§ Exercise aim:
Take the entries below and print only the lines from the one with "Men's Terry Cloth" through the one with "7月14日,研究院师生进行了", exactly as they stand, both ends included.

--- Information given Enclosed Below ---

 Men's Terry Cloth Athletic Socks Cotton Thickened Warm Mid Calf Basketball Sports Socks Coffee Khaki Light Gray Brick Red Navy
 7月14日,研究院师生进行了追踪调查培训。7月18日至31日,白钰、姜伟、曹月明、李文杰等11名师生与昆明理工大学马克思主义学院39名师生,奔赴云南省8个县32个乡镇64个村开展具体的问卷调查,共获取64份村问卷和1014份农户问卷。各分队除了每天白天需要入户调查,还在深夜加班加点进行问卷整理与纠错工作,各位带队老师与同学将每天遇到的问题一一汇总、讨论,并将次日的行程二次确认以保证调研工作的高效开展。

--- End of Enclosed Information given ---
--- Information given Enclosed Below ---

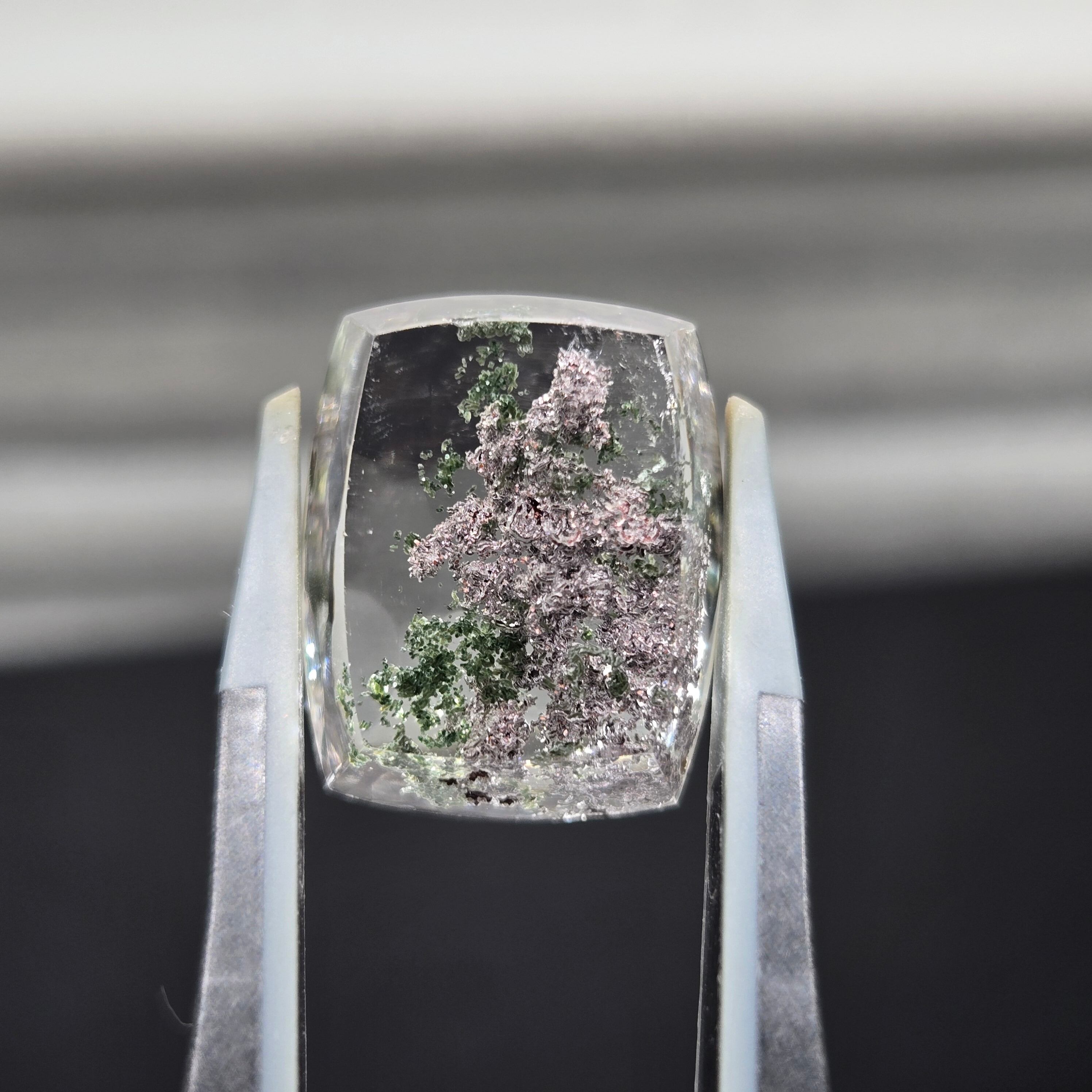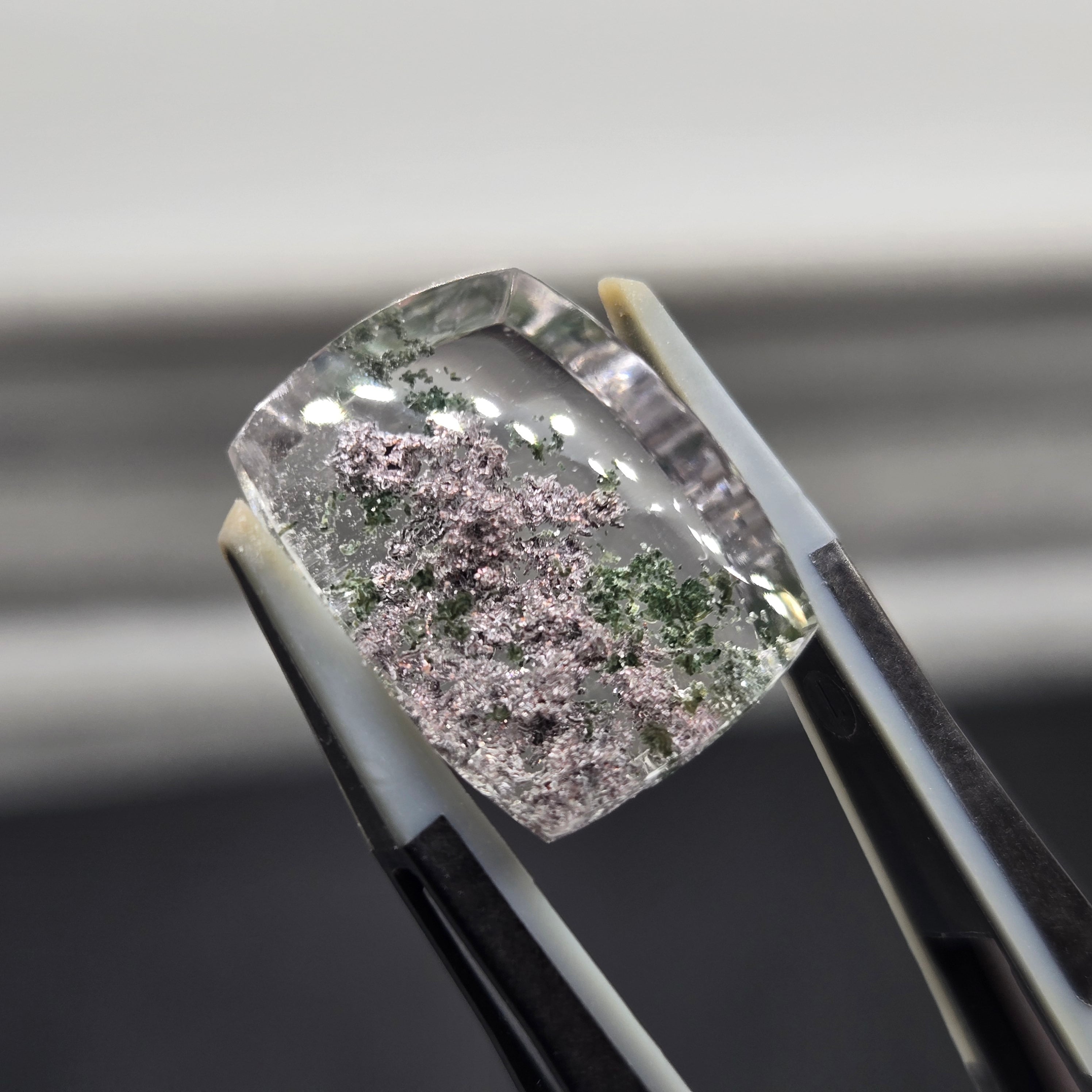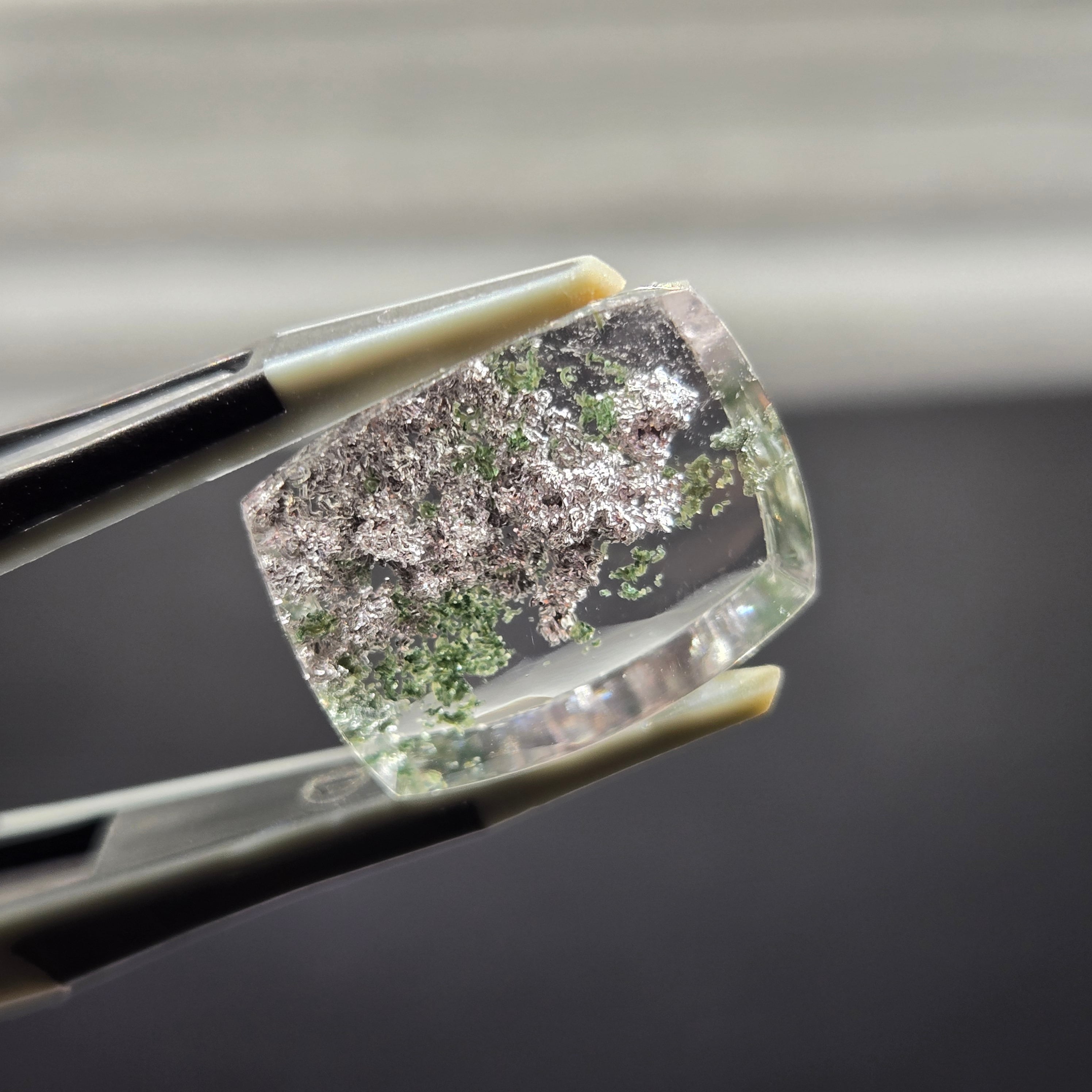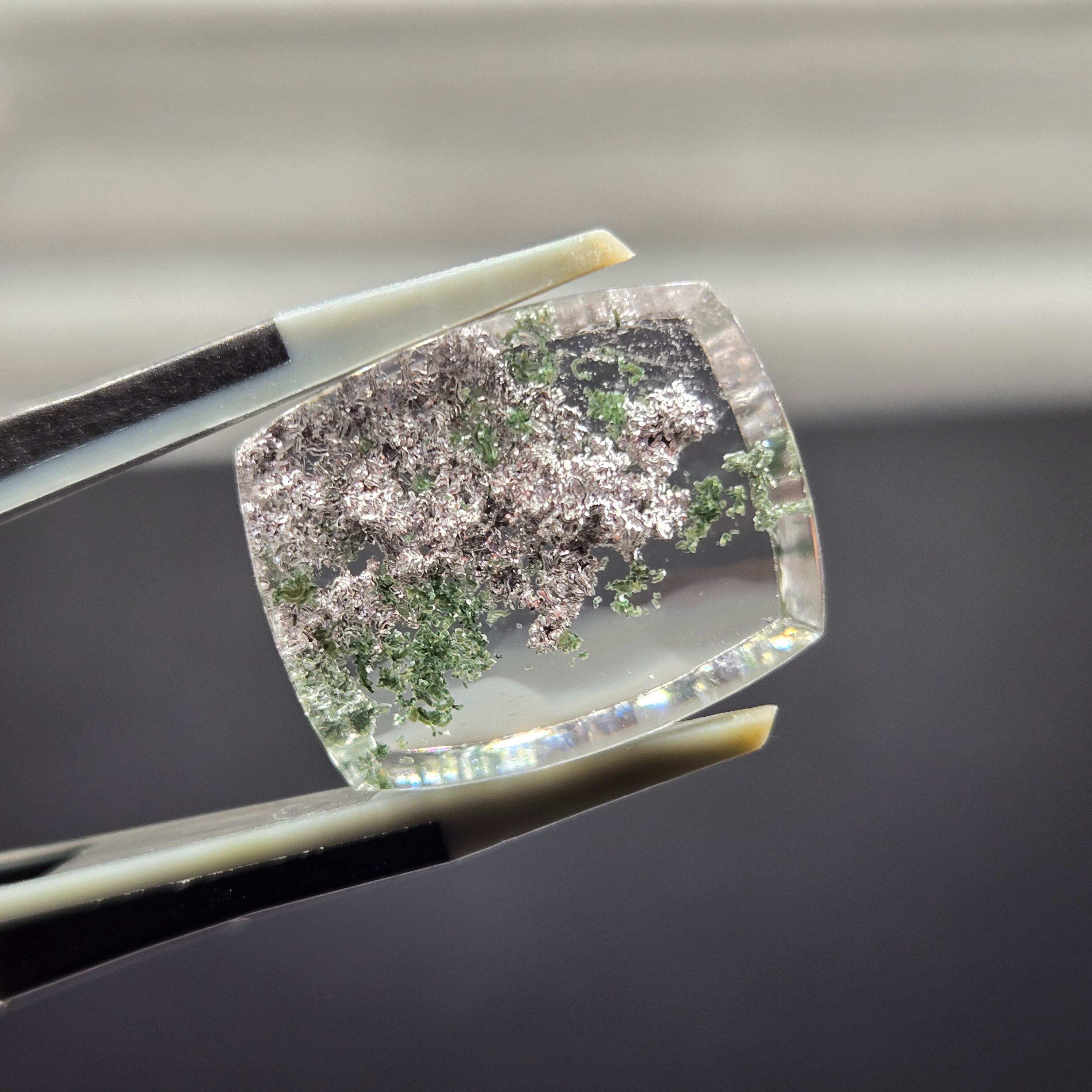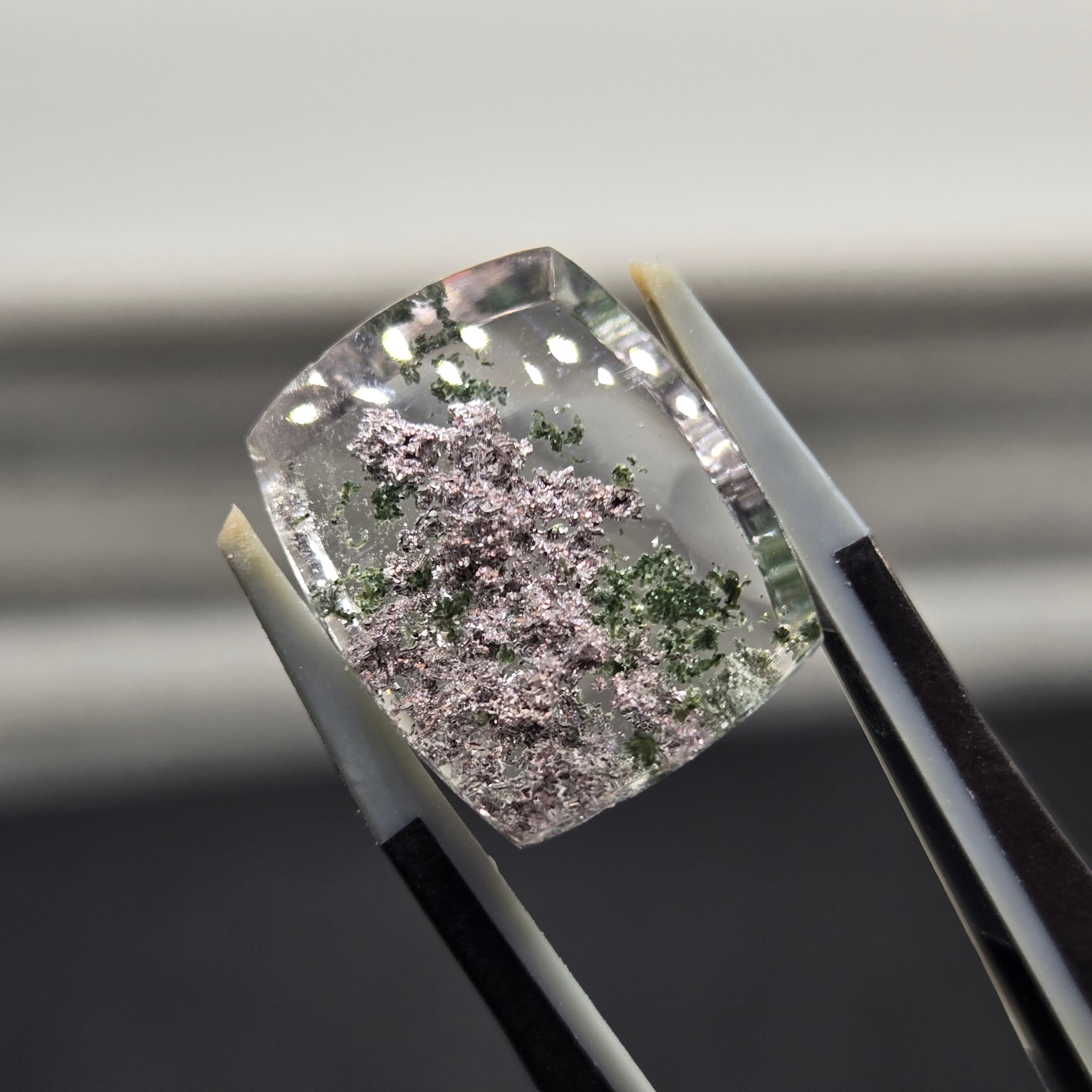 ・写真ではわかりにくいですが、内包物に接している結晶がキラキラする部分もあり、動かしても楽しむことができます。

--- End of Enclosed Information given ---

§ Solution to the exercise:
 Men's Terry Cloth Athletic Socks Cotton Thickened Warm Mid Calf Basketball Sports Socks Coffee Khaki Light Gray Brick Red Navy
 7月14日,研究院师生进行了追踪调查培训。7月18日至31日,白钰、姜伟、曹月明、李文杰等11名师生与昆明理工大学马克思主义学院39名师生,奔赴云南省8个县32个乡镇64个村开展具体的问卷调查,共获取64份村问卷和1014份农户问卷。各分队除了每天白天需要入户调查,还在深夜加班加点进行问卷整理与纠错工作,各位带队老师与同学将每天遇到的问题一一汇总、讨论,并将次日的行程二次确认以保证调研工作的高效开展。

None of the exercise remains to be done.